The architecture, the trees and the lush spring breezes from the bay are the best of Beaufort. After you run out of shops to visit, you can visit some of the historic houses, so charming and evocative of another era. There are numerous excellent examples, and a walk around will remind you slightly of a walk around Nantucket town, or Edgartown, only with a distinct southern flavor.
It is the second oldest town in South Carolina, chartered in1711. Only Charleston is older. It was wealthy before the Civil War. Beaufort was occupied by Union troops during that entire war, so it was not touched by battles, burning or destruction.
Beaufort is protected from the ocean by several islands that surround it. The most famous is probably Parris Island, where many a marine recruit has trained. Also well known is St. Helena Island for its “Gullah” residents, who are descended from former slaves. Penn Center is located on St. Helena in a grove of Spanish moss hung trees. It was founded in 1862 as the first Quaker school for former slaves, and has now been restored as a center for Gullah culture. This traditional language, a mix of English and various African dialects, has been preserved by the isolation of these former slaves on these islands. No bridges were built to many of these barrier islands until this century when they became valuable for their vacation home possibilities.
Many northerners are also retired or winter at Dataw Island, which boasts two major golf courses. Hunting Island is way out on the ocean, and it boasts a long finely sanded beach. It is a major state park of some 5000 acres, including huge groves of tall palm trees. There is also a 19th century lighthouse that is a very popular landmark, which was formerly located approximately one-quarter mile from the shoreline. I found it quite intriguing that the sea has cut away the northern end of the island, which is what endangered the lighthouse, causing it to be disassembled and reconstructed one mile south of its old location. It is the only lighthouse in South Carolina that is open to the public. Sadly the same sea currents are continuing to erode the beach and undermine the tall palm trees. It’s still very much worth the long drive out from Beaufort.
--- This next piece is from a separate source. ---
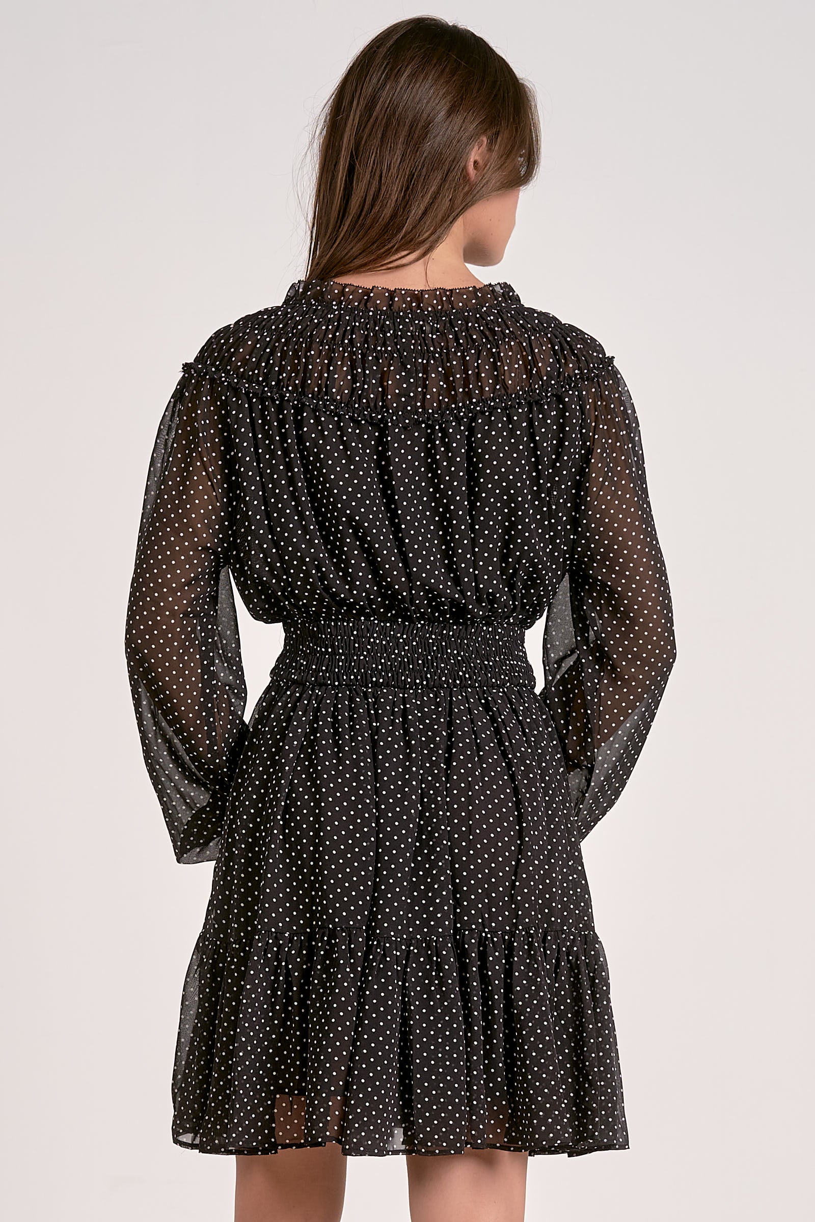 Get ready to add some fun and quirkiness to your holiday wardrobe with our Pretty Polka Dot top! With a playful polka dot print and ruffle neckline, this black long sleeve top is sure to make a statement. Perfect for those who don't take themselves too seriously.

I didn’t have time to take an island cruise, but there are such things in Beaufort, and I would certainly recommend one to seethe river and the wildlife and the salt marsh ecosystem.
In addition, if I were more of a fisherman, I’d be sure to try sport fishing, many kinds of which are available in these here parts. As a matter of fact, there are at least two locations where shrimp boat fleets are to be spotted. Remember FORRESTGUMP? It was filmed in this Beaufort area. It’s a great place to eat shrimp, so don’t miss that treat. In fact, the Gullah food is worth a try also, things like red beans and rice, shrimp burgers, and Frogmore stew. This latter is named after an area of St. Helena’s island.
There is a lot more to see in this area. I would dearly love to go back to see more shops, take a walking tour of historic Beaufort, walk on the beach, to see it all from the water, and of course to try more of the restaurants. Meanwhile, the male member of the family could tour Parris Island, which is more of a “guy” thing.
For a preview, try watching one of the following movies on video, which the local people proudly advertise as having been filmed in the area: CONRACK, THE GREAT SANTINI, THE BIG CHILL, THE PRINCE OF TIDES, FORREST GUMP, and G.I.JANE.
Betsy Shequine hopes that John Nelson puts Beaufort on his wish list, or at least watches all those movies.